Kinetics of glutamate (5 mM) treatment on Fas protein levels in primary cortical cells. Cortical cells isolated from 19 day old fetal rat brains were cultured for 7 days and treated with 5 mM glutamate for the indicated times. Cells were collected and total protein was extracted. Fas receptor protein levels were determined by Western blot analysis as described under Figure 6. The results show that glutamate has no significant effects on Fas receptors up to 24 h of treatment. Data are the mean (± SEM) from 3 experiments.

Figure 15

Kinetics of glutamate (1 mM) induced Cyto c release from mitochondria into cytosol in primary cortical cells. Primary cortical cells isolated from 19 day old fetal rat brains were cultured for 7 days and then treated with 1 mM glutamate for the indicated times. Mitochondrial and cytosol fractions were isolated as described in "Methods". Protein levels of Cyto c in mitochondria and cytosol were determined by Western Blot analysis as described under Figure 6. Actin bands were also used to monitor the same blot to verify consistency of cytosolic protein loading. The content of Cyto c was measured by densitometric scanning of the film. The results are the mean (± SEM) of at least three experiments. *P < 0.05 compared with control.

Figure 16

Effects of 17β-E₂ and Δ⁸, 17β-E₂ on glutamate-induced Cyto c release into cytosol in primary cortical cells.

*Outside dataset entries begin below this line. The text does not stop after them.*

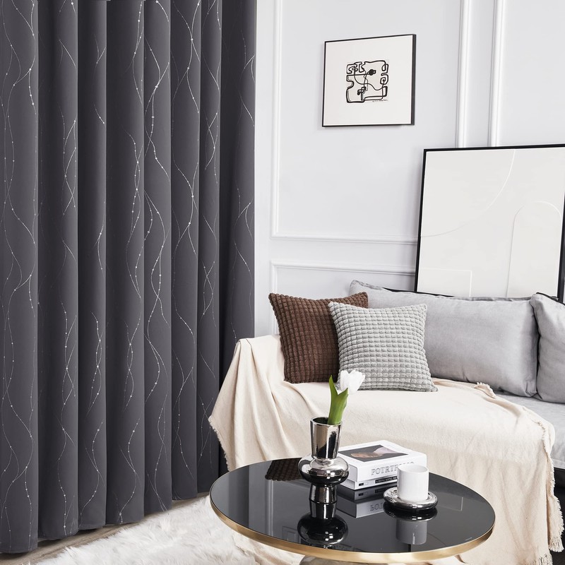 Deconovo Blackout Curtains Wave Line with Dots Foiled Printed Curtain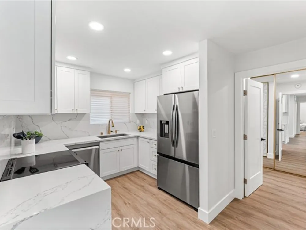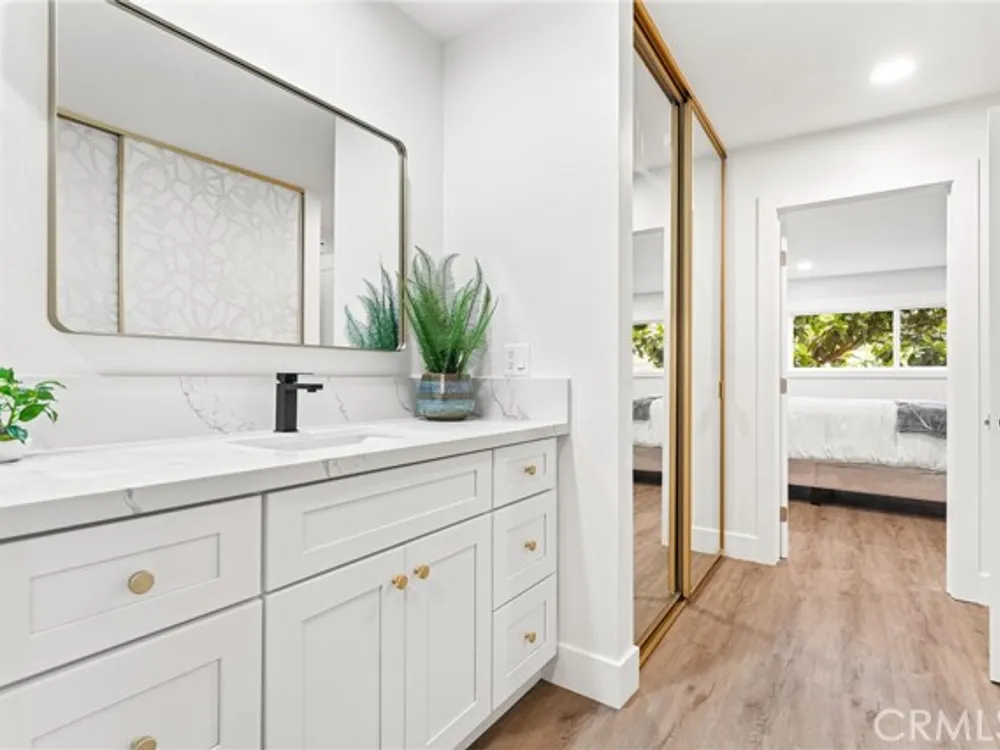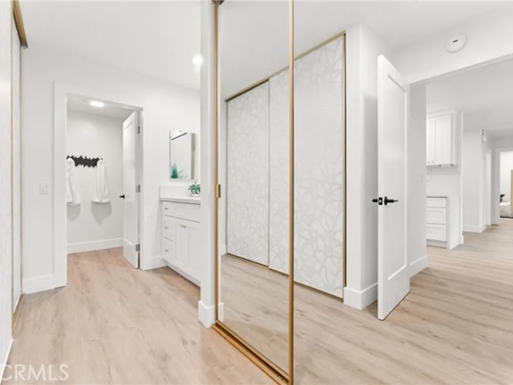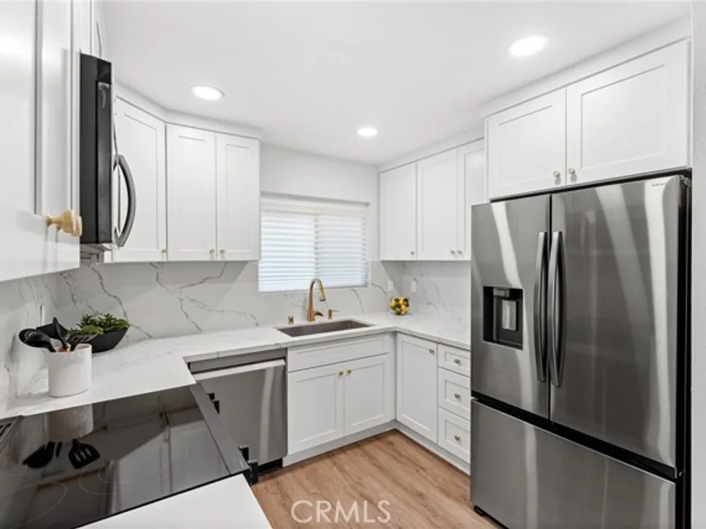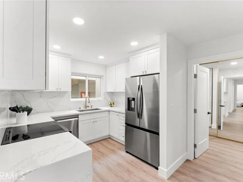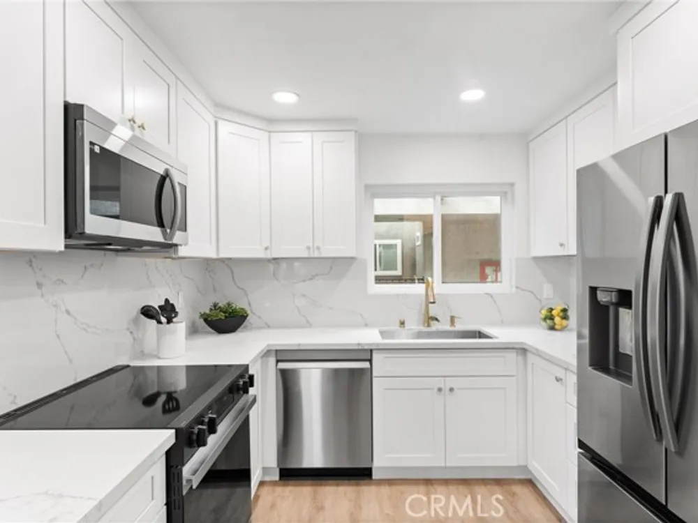 Experience luxury and comfort in this fully remodeled 2BD/2BA, 1,199 sq ft Garden Villa condo in the heart of Laguna Woods Village! Located in a Tri-level building with elevator access and subterranean parking, this single-level unit features a modern split-bedroom layout, each with its own new mini-split HVAC system. The designer kitchen impresses with quartz countertops, waterfall island, full quartz backsplash, custom soft-close shaker cabinets, under-cabinet and recessed lighting, and bespoke Samsung stainless appliances. Enjoy tranquil mountain and magnolia tree views from the private balcony or through brand-new Milgard windows and doors. Bathrooms include a spa-like walk-in shower and a luxurious Jacuzzi soaking tub—plus upgraded vanities and Toto toilets. Additional highlights: luxury vinyl plank flooring throughout, smooth ceilings, new Bradford White water heater, and fully permitted upgrades. Steps from Clubhouse 4 with world-class amenities. Resort-style 55+ living!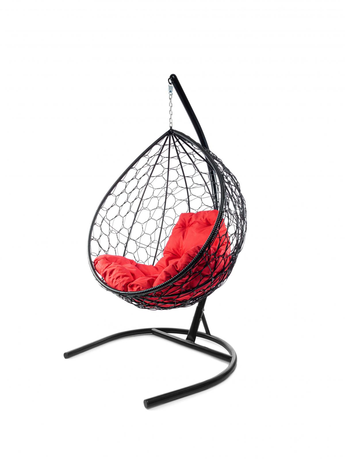 Подвесное кресло из ротанга "Капля" цвет: Чёрный; подушка: Красная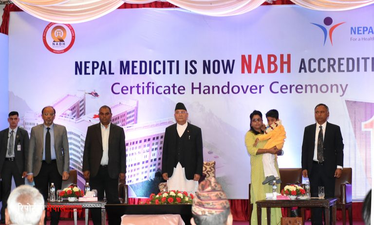 निजी क्षेत्रबाट सञ्चालित नेपाल मेडिसिटी अस्पताल नेपालमा पहिलोपटक नेशनल एक्रिडिटेशन बोर्ड फर हस्पिटल एण्ड हेल्थ केयर प्रोभाइडर्स (एनए विएच) मा सूचीकृत भएको अवसरमा आज आयोजित कार्यक्रममा प्रधानमन्त्री ओलीले भने,खुशी र सुखी हुनका लागि समृद्धि भएरमात्र पुग्दैन, स्वस्थ्य हुनुपर्छ ।

Primary cortical cells isolated from 19 day old fetal rat brains were cultured for 7 days and treated with 1 mM glutamate alone or in the presence of 17β-E₂ and Δ⁸, 17β-E₂. After 6 h, cells were collected and cytosol fraction was prepared as described under "Methods". Cytosolic protein levels of Cyto c were determined by Western blot analysis as described under Figure 6. Actin bands were used to monitor the same blot to verify consistency of protein loading. The content of Cyto c was measured by densitometric scanning of the film. The results are the mean (± SEM) of at least three experiments. a = P < 0.05 compared with control; b = P < 0.05 compared with glutamate treated cells.